In 1999, Uhlig established the German-Ethiopian Foundation to promote research in Ethiopian studies and support emerging scholars. Financed by private funds and the German-Ethiopian Foundation, Uhlig established the Hiob Ludolf Visiting Professorship in 2003/04, which deals with topics from politics, business and society.

==Selected works==
Uhlig's main work is the Encyclopaedia Aethiopica, which he worked on for around 20 years and edited four out of five volumes. It scientific encyclopaedia provides with 4365 articles on Ethiopia and the neighbouring regions; it covers topics from history, languages, literature, ethnology, religion, culture, society and art.

Uhlig's 1988 work Äthiopische Paläographie provides basic research for the chronological classification of Ethiopian manuscripts; a condensed version of which was used in the Introduction to Ethiopian Palaeography (1990).

Uhlig also edited an illustrated volume David Appleyard and others in 2017, titled Ethiopia: History, Culture, and Challenges. The book delves into various facets of Ethiopia, encompassing geography, history, cultures, religions, society, politics, contemporary developments, and major challenges. A German edition of the book, titled Äthiopien – Geschichte, Kultur, Herausforderungen (2018), has also been published.

In collaboration with Gernot Bühring, Uhlig has jointly published and provided commentary on a rare early work concerning Ethiopian history in 1994, Damian de Góis' work on the faith and customs of the Ethiopians dating back to the year 1540.

After the death of the bibliographer Lockot, Uhlig collaborated with Verena Böll to edit and publish his bibliography titled Bibliographia Aethiopica II (1998).

==Research==
Uhlig has primarily contributed foundational works to the field of Ethiopian Studies. At the beginning of his career, palaeographic and codicological investigations were at the forefront of his research interests, later shifting to a focus on textual-critical contributions. Throughout each phase of his research, he focused on the transitional period from pre-scientific Ethiopian studies to the establishment of scientific Ethiopian Studies, such as the works of Damian de Góis and Ludolf.

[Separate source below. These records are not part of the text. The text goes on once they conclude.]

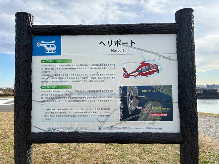 災害時に物資の輸送の拠点となる「リバーステーション」、その物資の輸送路となる「緊急用河川敷道路」、ヘリコプターの離着陸などに必要な「ヘリポート」など、荒川下流域では災害発生に備え河川の輸送ネットワークの整備を進めています。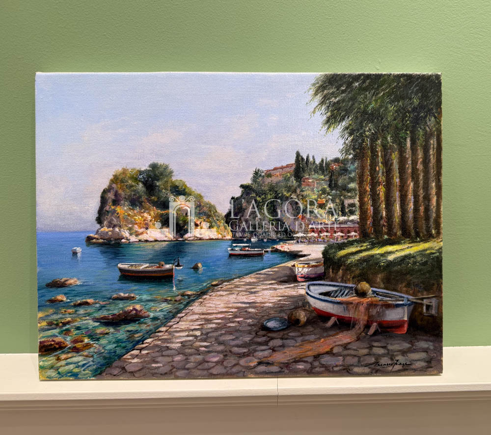Tonalità e luce mediterranee, caratterizzano i dipinti del maestro Mario Irace. Veduta della Baia delle Sirene a Taormina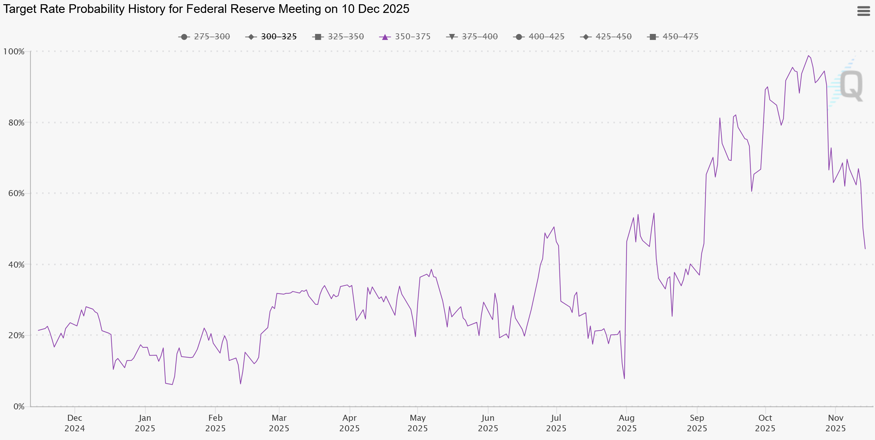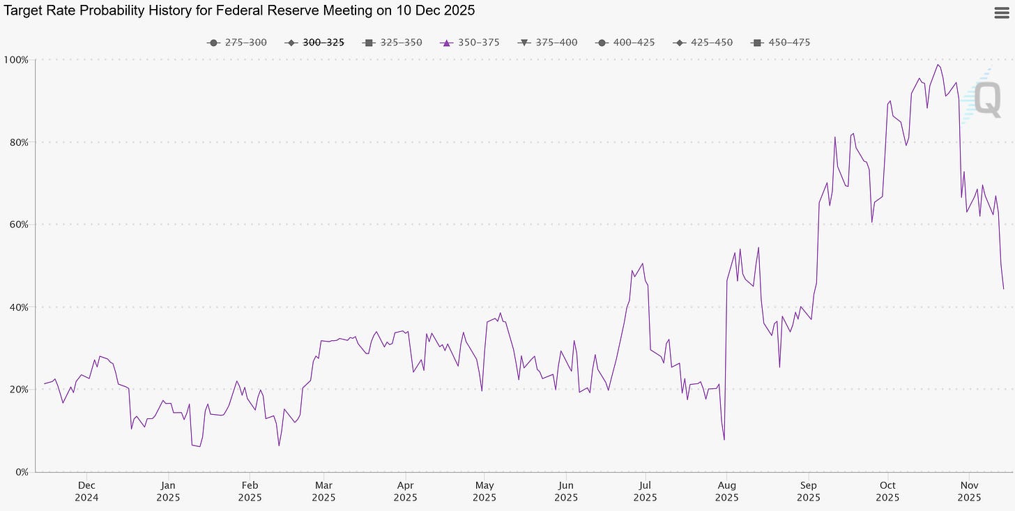 Market-based expectations for a third consecutive rate cut in December has dropped to 44% after being as high as 94% just a month ago. The chart below shows the odds for the fed funds rate to fall another quarter point at the December meeting.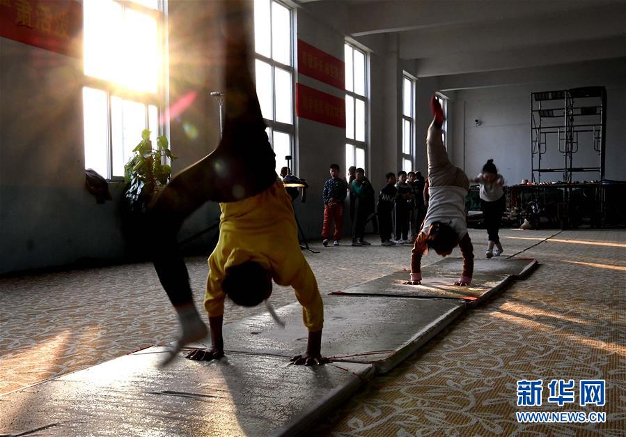 12月5日,新蔡县冰上职业艺术学校的学生在进行倒立训练。 河南省新蔡县冰上职业艺术学校共有在校生69人,其中年龄最小的4岁,最大的不过19岁。除了学习文化课外,他们每天大部分时间都要进行基本功和冰上节目编排训练。 “每当我穿上冰刀鞋登上舞台,就感觉自己像鸟儿一样在飞翔。”17岁的刘艳玲说。通过刻苦训练,学员们表演的一系列集冰上杂技、冰上舞蹈、花样滑冰、魔术于一体的节目多次登上国内外舞台,并获得奖项。 新华社记者 李安 摄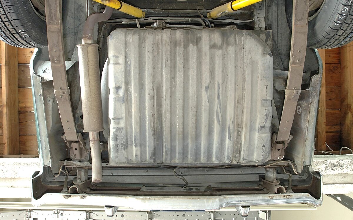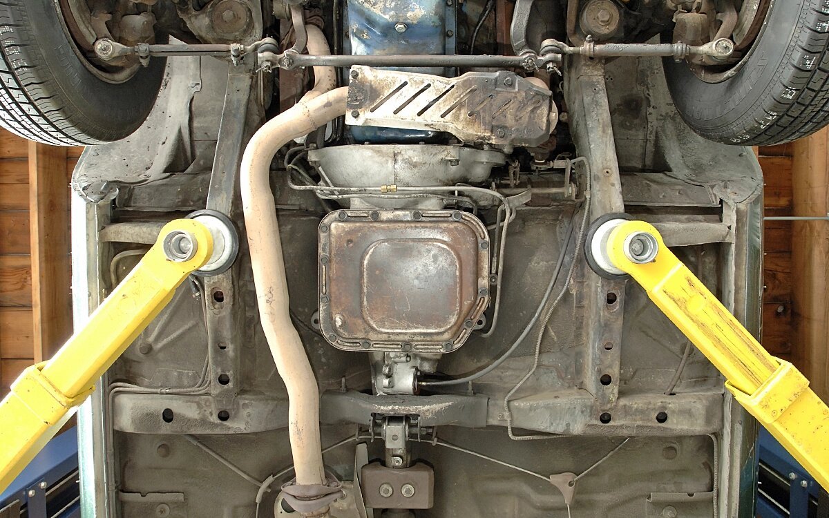 Cosmoline is still visible in the engine bay, and a new catalytic converter was installed.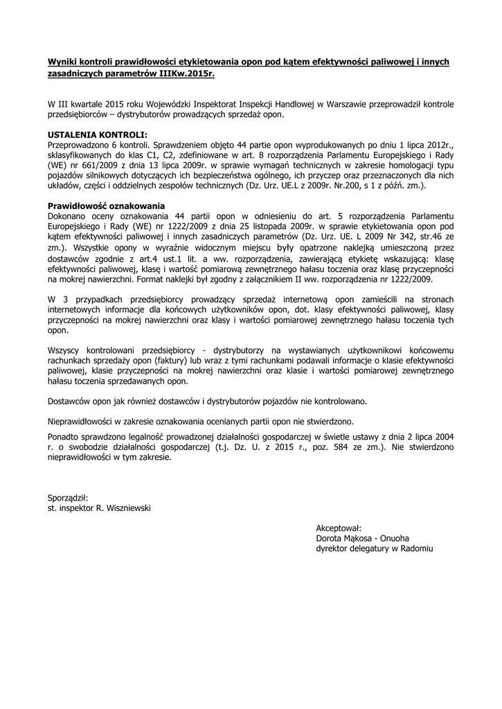 Wyniki kontroli prawidłowości etykietowania opon pod kątem efektywności paliwowej i innych zasadniczych parametrów IIIKw.2015r. W III kwartale 2015 roku Wojewódzki Inspektorat Inspekcji Handlowej w Warszawie przeprowadził kontrole przedsiębiorców – dystrybutorów prowadzących sprzedaż opon. USTALENIA KONTROLI: Przeprowadzono 6 kontroli. Sprawdzeniem objęto 44 partie opon wyprodukowanych po dniu 1 lipca 2012r., sklasyfikowanych do klas C1, C2, zdefiniowane w art. 8 rozporządzenia Parlamentu Europejskiego i Rady (WE) nr 661/2009 z dnia 13 lipca 2009r. w sprawie wymagań technicznych w zakresie homologacji typu pojazdów silnikowych dotyczących ich bezpieczeństwa ogólnego, ich przyczep oraz przeznaczonych dla nich układów, części i oddzielnych zespołów technicznych (Dz. Urz. UE.L z 2009r. Nr.200, s 1 z późń. zm.). Prawidłowość oznakowania Dokonano oceny oznakowania 44 partii opon w odniesieniu do art. 5 rozporządzenia Parlamentu Europejskiego i Rady (WE) nr 1222/2009 z dnia 25 listopada 2009r. w sprawie etykietowania opon pod kątem efektywności paliwowej i innych zasadniczych parametrów (Dz. Urz. UE. L 2009 Nr 342, str.46 ze zm.). Wszystkie opony w wyraźnie widocznym miejscu były opatrzone naklejką umieszczoną przez dostawców zgodnie z art.4 ust.1 lit. a ww. rozporządzenia, zawierającą etykietę wskazującą: klasę efektywności paliwowej, klasę i wartość pomiarową zewnętrznego hałasu toczenia oraz klasę przyczepności na mokrej nawierzchni. Format naklejki był zgodny z załącznikiem II ww. rozporządzenia nr 1222/2009. W 3 przypadkach przedsiębiorcy prowadzący sprzedaż internetową opon zamieścili na stronach internetowych informacje dla końcowych użytkowników opon, dot. klasy efektywności paliwowej, klasy przyczepności na mokrej nawierzchni oraz klasy i wartości pomiarowej zewnętrznego hałasu toczenia tych opon. Wszyscy kontrolowani przedsiębiorcy - dystrybutorzy na wystawianych użytkownikowi końcowemu rachunkach sprzedaży opon (faktury) lub wraz z tymi rachunkami podawali informacje o klasie efektywności paliwowej, klasie przyczepności na mokrej nawierzchni oraz klasie i wartości pomiarowej zewnętrznego hałasu toczenia sprzedawanych opon. Dostawców opon jak również dostawców i dystrybutorów pojazdów nie kontrolowano. Nieprawidłowości w zakresie oznakowania ocenianych partii opon nie stwierdzono. Ponadto sprawdzono legalność prowadzonej działalności gospodarczej w świetle ustawy z dnia 2 lipca 2004 r. o swobodzie działalności gospodarczej (t.j. Dz. U. z 2015 r., poz. 584 ze zm.). Nie stwierdzono nieprawidłowości w tym zakresie. Sporządził: st. inspektor R. Wiszniewski Akceptował: Dorota Mąkosa - Onuoha dyrektor delegatury w Radomiu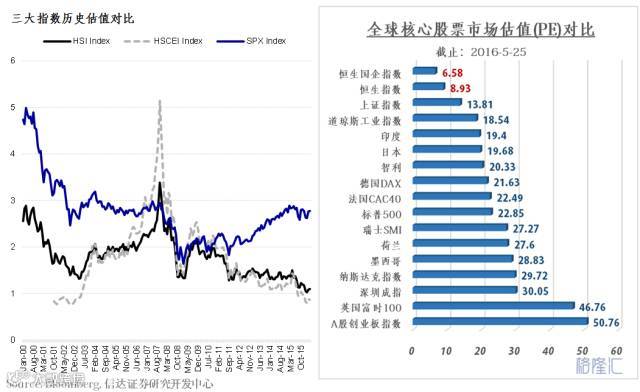 恒生国企指数和恒生指数的估值水平,如果横向来看,是全世界全市场最低的估值。而就在半年前,国企指数的PB,还是现在的4-5倍,经过短短的半年,整个市场的估值水平可以发生如此之大的变化,也是非常不合理的。香港市场确实下跌了,跌的是有些多,但是这样的低估值,也绝对是难得一见,而这样低估值的长期维持,则更是不合理的。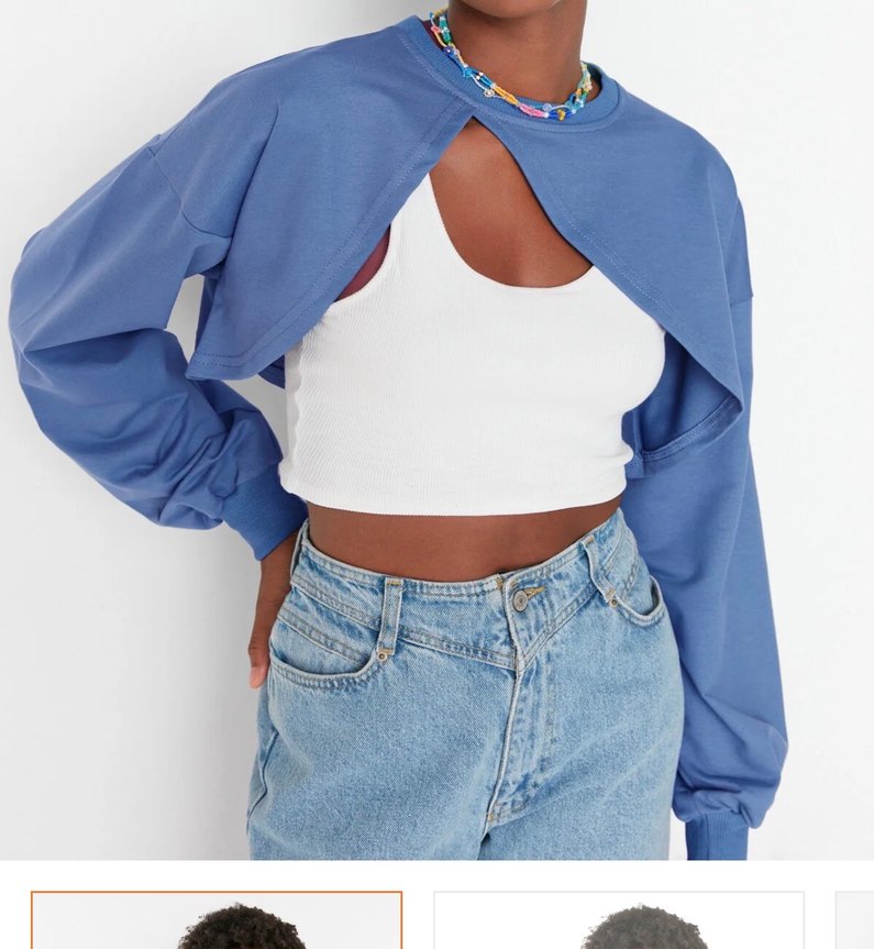 Mavi renkte, uzun kollu ve yuvarlak yakalı kadın crop top. Gevşek kesimi ve kısa boyuyla günlük sokak modasına uygun rahat bir şıklık sunar.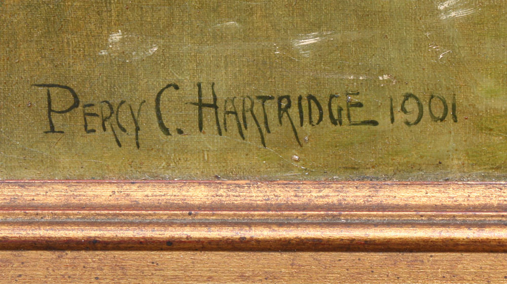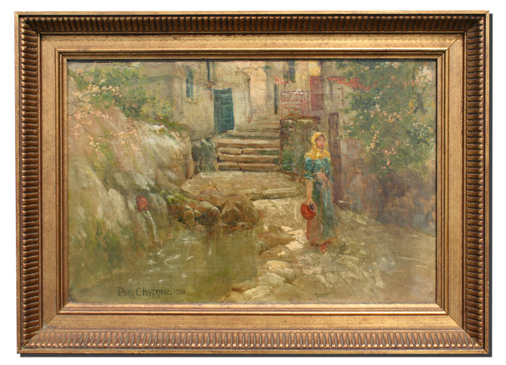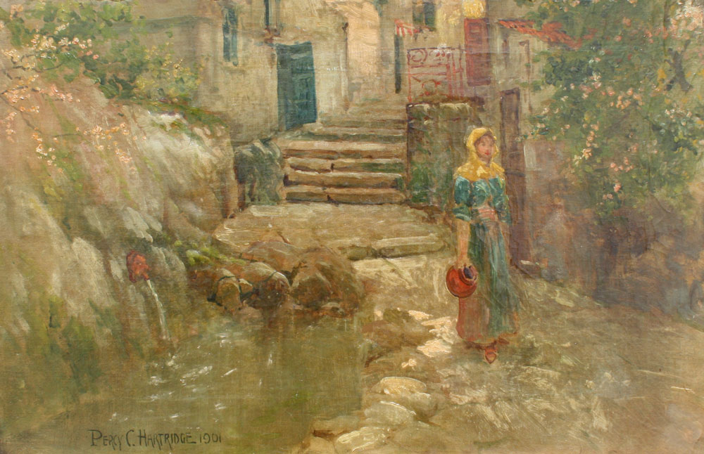 HARTRIDGE, Percy, (American, 19/20th C.): Female Figure at the Village Well, Oil/Canvas, 12'' x 18'', signed and dated 1901, framed, 16'' x 22''.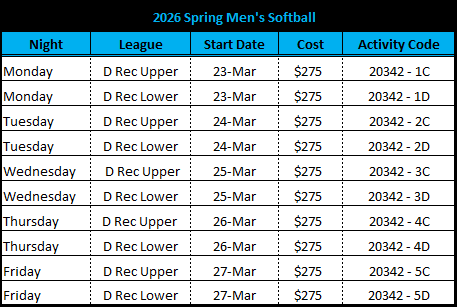 - Forfeits after 4:00 pm (day of), or No Call, No Shows will be tracked, and the team captain will be responsible for paying any reinstatement fee prior to the team's next game.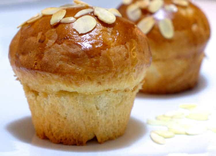 - In a small bowl add the egg and 1 tbsp water and whisk with a fork. Brush the top of each tsoureki muffin with the egg, garnish with almond silvers and bake in preheated oven at 170C for about 20-25 minutes.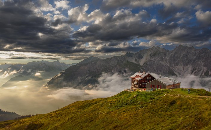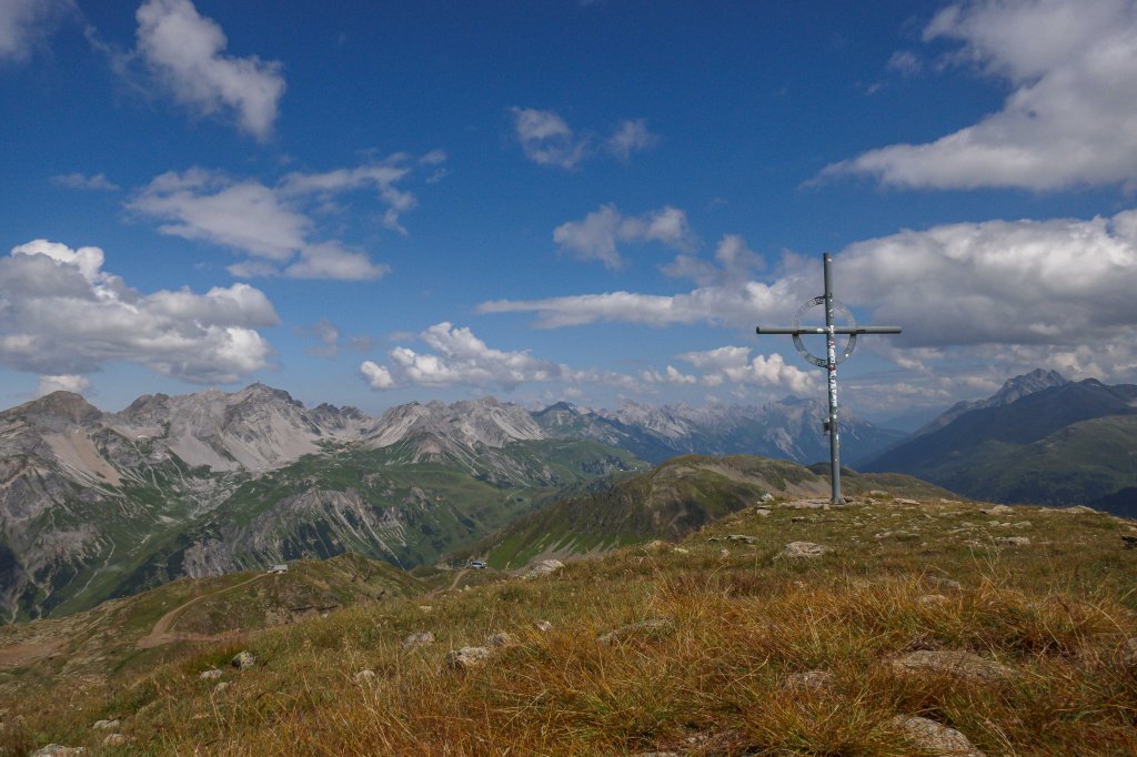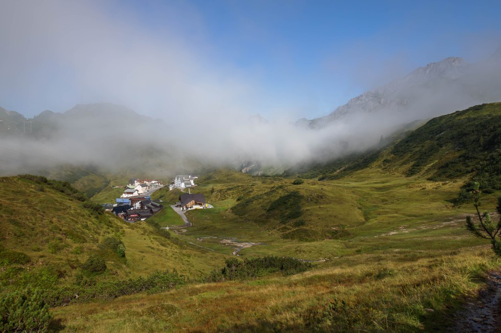 Über Sankt Anton hängt noch eine dicke zähe Wolkenschicht, als ich um 8:30 der erste Gast bei der Seilbahnstation hinauf zum Galzig bin. Doch Meter um Meter wird es in der Kabine heller und plötzlich schwebe ich über den Wolken. Oben angekommen setze ich mich erst einmal staunend in die taunasse Wiese und genieße den Weitblick über das strahlend weiße Wolkenmeer. Gegenüber liegt das Verwall, durch das ich die nächsten neun Tage wandern werde.

The focus of Uhlig's work lies in providing essential working materials in the field of Ethiopian studies, such as the Encyclopaedia Aethiopica.

==Awards and honors==
- 2016 – Edward Ullendorff Medal, The British Academy
- 2018 – Award for Professional Excellence, Bikila Awards

==Bibliography==
===Books===
- Das äthiopische Henochbuch. Jüdische Schriften aus hellenistisch-römischer Zeit V 6 (1984) ISBN 978-3-579-03956-5
- Äthiopische Paläographie (1988) ISBN 978-3-515-04562-9
- Novum Testamentum Aethiopice: Die Gefangenschaftsbriefe (1993) ISBN 3-515-05447-2
- Damian de Góis’ Schrift über Glaube und Sitten der Äthiopier (1994) ISBN 978-3-447-03512-5
- Encyclopaedia Aethiopica (2003–2014) ISBN 978-3-447-04746-3

====Festschrift for Uhlig====
- Studia Aethiopica (2004) ISBN 9783447048910

===Selected articles===
- Uhlig, S. (1988). Ludolfs Deutung der äthiopischen Geschichte des 17. Jahrhunderts in der ‚Schaubühne der Weltgeschichte‘. Afrika und Übersee 71(2), 267–286.
- Uhlig, S. (1989). Ein pseudepigraphischer Actaschluss in der äthiopischen Version, Oriens Christianus 73,129-136.
- Uhlig, S. (1999). Dǝrsan des Yaʿqob von Sǝrug für den vierten Sonntag im Monat Taḫśaś. Aethiopica, 2, 7-52.
- Uhlig, S. (2001). Eine trilinguale ʿEzana-Inschrift. Aethiopica, 4, 7-31.
- Uhlig, S. (2003). Bible: Biblical text criticism, Encyclopaedia Aethiopica I, 565–569
- Uhlig, S.(2007). Ludolf, Hiob, Encyclopaedia Aethiopica III, 601–603.